**Data records:**
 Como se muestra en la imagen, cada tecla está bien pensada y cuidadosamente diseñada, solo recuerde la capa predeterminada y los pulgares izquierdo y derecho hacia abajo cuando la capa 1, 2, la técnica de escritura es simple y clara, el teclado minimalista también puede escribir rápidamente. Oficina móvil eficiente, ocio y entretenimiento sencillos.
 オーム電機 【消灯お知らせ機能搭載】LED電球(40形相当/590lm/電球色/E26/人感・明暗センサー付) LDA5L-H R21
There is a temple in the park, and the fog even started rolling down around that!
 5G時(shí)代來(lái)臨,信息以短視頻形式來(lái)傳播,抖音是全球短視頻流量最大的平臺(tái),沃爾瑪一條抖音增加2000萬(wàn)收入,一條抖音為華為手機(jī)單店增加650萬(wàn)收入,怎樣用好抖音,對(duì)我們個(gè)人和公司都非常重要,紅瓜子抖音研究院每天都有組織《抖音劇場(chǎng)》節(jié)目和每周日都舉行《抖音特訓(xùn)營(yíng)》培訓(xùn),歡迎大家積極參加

==

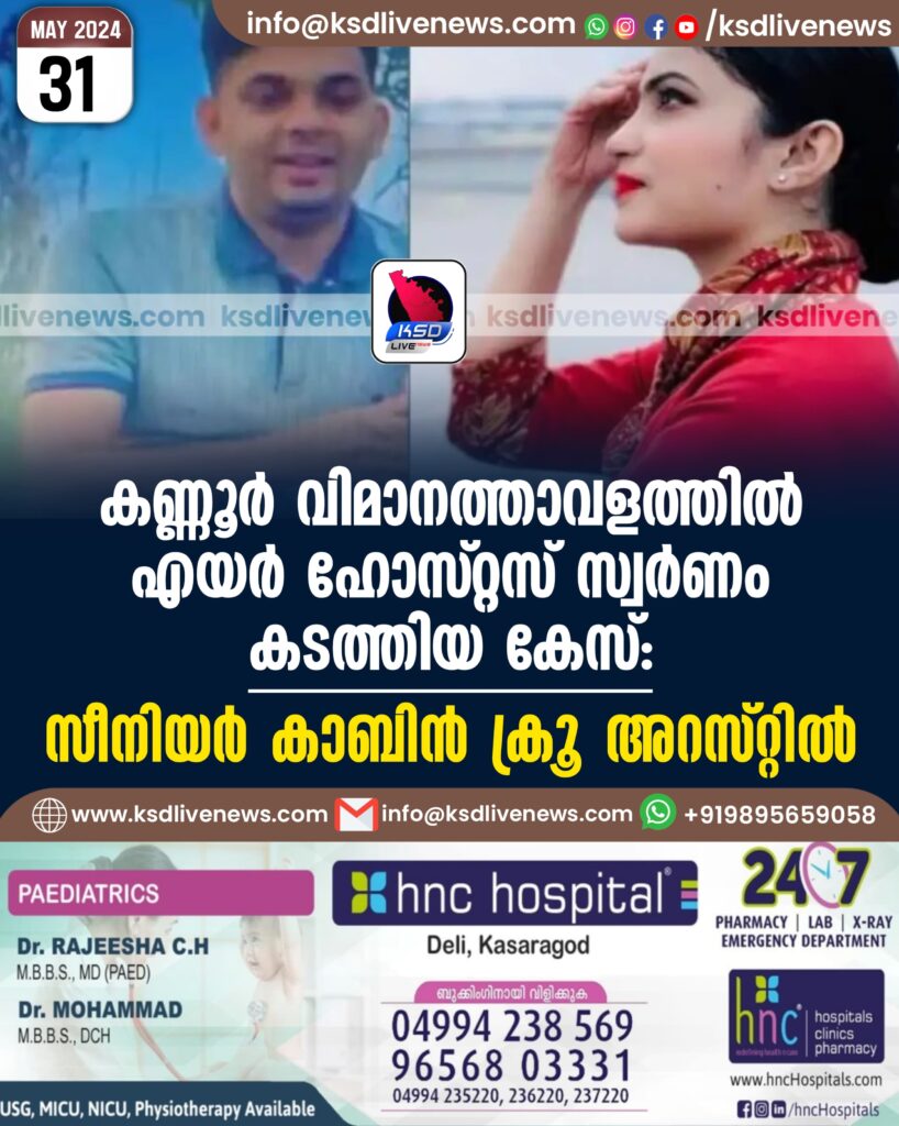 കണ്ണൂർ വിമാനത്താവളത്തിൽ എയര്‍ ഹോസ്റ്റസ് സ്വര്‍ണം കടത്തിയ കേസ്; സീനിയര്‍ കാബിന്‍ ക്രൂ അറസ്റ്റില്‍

**What needs to be done:**
Please give again the lines above between the line holding "There is a temple" and the line holding "5G時(shí)代來(lái", inclusive, exactly as they are and with nothing added.

**Exercise solution:**
There is a temple in the park, and the fog even started rolling down around that!
 5G時(shí)代來(lái)臨,信息以短視頻形式來(lái)傳播,抖音是全球短視頻流量最大的平臺(tái),沃爾瑪一條抖音增加2000萬(wàn)收入,一條抖音為華為手機(jī)單店增加650萬(wàn)收入,怎樣用好抖音,對(duì)我們個(gè)人和公司都非常重要,紅瓜子抖音研究院每天都有組織《抖音劇場(chǎng)》節(jié)目和每周日都舉行《抖音特訓(xùn)營(yíng)》培訓(xùn),歡迎大家積極參加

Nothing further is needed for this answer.